Millet v. District Court ex rel. County of El Paso

951 P.2d 476 | Colo. | 1998

Chief Justice VOLLACK

delivered the Opinion of the Court.

Rhonda L. Millet (Millet) petitions this court pursuant to C.A.R. 21 for emergency relief in the nature of prohibition to prevent the El Paso County District Court (the district court) from retaining jurisdiction over the damages portion of a lawsuit filed by Hattie Myers (Myers) against Millet and two other defendants.1 Millet urges this court to order the district court to change the venue of Myers’ complaint against Millet “for all purposes and regarding all issues.” We issued a rule to show cause and now make that rule absolute.

I.

In May of 1997, Myers filed a complaint in the district court against Millet, Noah S. Bellringer, and Michael Loreth, in which she sought damages for injuries allegedly caused by three separate automobile accidents involving each of the defendants.2 At the time the complaint was filed, Myers was a resident of Ohio and Millet was a resident of Jefferson County, where she was served notice. Although the accidents involving Bell-ringer and Loreth occurred in El Paso County, the accident involving Millet took place in Douglas County.

*477On July 2, 1997, Millet filed a motion for severance and change of venue, requesting that the district court sever Myers’ claim against Millet and change venue to Douglas County, where two other complaints arising out of the Douglas County accident were pending against her. Following oral arguments, the district court concluded in a written order that “C.R.C.P. 98(c) does not permit venue of the Millet accident in El Paso County.” However, the district court also determined that Myers was entitled to present all of her damage claims to one jury. For this reason, the district court ordered a change of venue to Douglas County for a determination of Millet’s liability while retaining jurisdiction over the issue of damages.

II.

Venue requirements impose territorial limitations on the forum in which an action may be commenced. See Denver Air Ctr. v. District Court, 839 P.2d 1182, 1184 (Colo.1992). In tort actions, venue is proper: (1) in the county in which the defendants, or any of them, reside at the commencement of the action; (2) in the county where the plaintiff resides when service is made on the defendants in that county; or (3) in the county where the tort was committed. See C.R.C.P. 98(c). Upon a proper showing that an action has been brought in a county other than that in which it should be tried, the trial court has no alternative but to grant a change of venue. See Board of County Comm’rs of Eagle County v. District Court, 632 P.2d 1017, 1020 (Colo.1981). If a change of venue is required by law because the suit was originally brought in an- improper county, the trial court has no jurisdiction over the case except to grant the change of venue. See Denver Air Ctr., 839 P.2d at 1184; Tillery v. District Court, 692 P.2d 1079, 1083 (Colo.1984); Ranger Ins. Co. v. District Court, 647 P.2d 1229, 1231 (Colo.1982); Board of County Comm’rs of Eagle County, 632 P.2d at 1022.
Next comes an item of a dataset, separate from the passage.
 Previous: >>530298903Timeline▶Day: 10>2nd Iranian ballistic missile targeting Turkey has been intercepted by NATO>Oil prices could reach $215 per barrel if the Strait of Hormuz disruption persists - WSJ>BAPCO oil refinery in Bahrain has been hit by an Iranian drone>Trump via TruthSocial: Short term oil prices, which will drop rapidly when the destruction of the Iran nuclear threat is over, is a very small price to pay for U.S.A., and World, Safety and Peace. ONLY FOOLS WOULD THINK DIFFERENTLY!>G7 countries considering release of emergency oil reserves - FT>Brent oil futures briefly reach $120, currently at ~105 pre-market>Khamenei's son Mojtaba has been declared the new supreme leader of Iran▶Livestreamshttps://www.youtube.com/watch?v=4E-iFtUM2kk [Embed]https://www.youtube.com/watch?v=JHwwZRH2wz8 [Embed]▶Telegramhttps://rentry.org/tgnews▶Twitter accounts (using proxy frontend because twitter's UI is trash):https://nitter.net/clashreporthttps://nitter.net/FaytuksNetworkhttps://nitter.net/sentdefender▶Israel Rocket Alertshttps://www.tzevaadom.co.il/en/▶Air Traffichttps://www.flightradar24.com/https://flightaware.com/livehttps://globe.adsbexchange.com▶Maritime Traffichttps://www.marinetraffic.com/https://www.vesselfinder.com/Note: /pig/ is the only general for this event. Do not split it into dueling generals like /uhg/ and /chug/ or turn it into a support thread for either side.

In this case, Myers filed a negligence action in the district court against three defendants for injuries allegedly sustained in three separate automobile accidents. One of these accidents involved Millet. Because Myers is a resident of Ohio, Millet is a resident of Jefferson County, and the accident in question occurred in Douglas County, the district court determined that C.R.C.P. 98(c) prohibited venue over Millet in El Paso County. Nevertheless, the district court determined that the question of Myers’ damages was likely to involve the contributing role each accident had on Myers’ overall injury. For this reason, the district court ordered a change of venue to Douglas County for a determination of Millet’s liability while it retained jurisdiction over the issue of damages. This conclusion was erroneous. Once the district court determined that a change of venue was warranted pursuant to C.R.C.P. 98(c), it had no jurisdiction over Myers’ cause of action against Millet except to order the change of venue.

III.

The district court erred in ordering a change of venue for liability purposes while attempting to retain jurisdiction over the damages portion of Myers’ cause of action against Millet. The district court had no jurisdiction other than to grant the change of venue to the district court in Douglas County on all issues raised in Myers’ complaint against Millet. Accordingly, we make the rule to show cause absolute.

. C.A.R.-21(a) establishes the basis for our origi- ■ nal jurisdiction in this case and provides in pertinent part as follows:

Relief in the nature of prohibition may be sought in the Supreme Court where the district court is proceeding without or in excess of its jurisdiction or where the district court has granted or denied change of venue in actions in rem or in actions where the statute prescribes the forum.

. Myers’ complaint alleges that she was injured following accidents with Millet on May 19, 1994; Bellringer on May 29, 1994; and Loreth on June 1, 1994.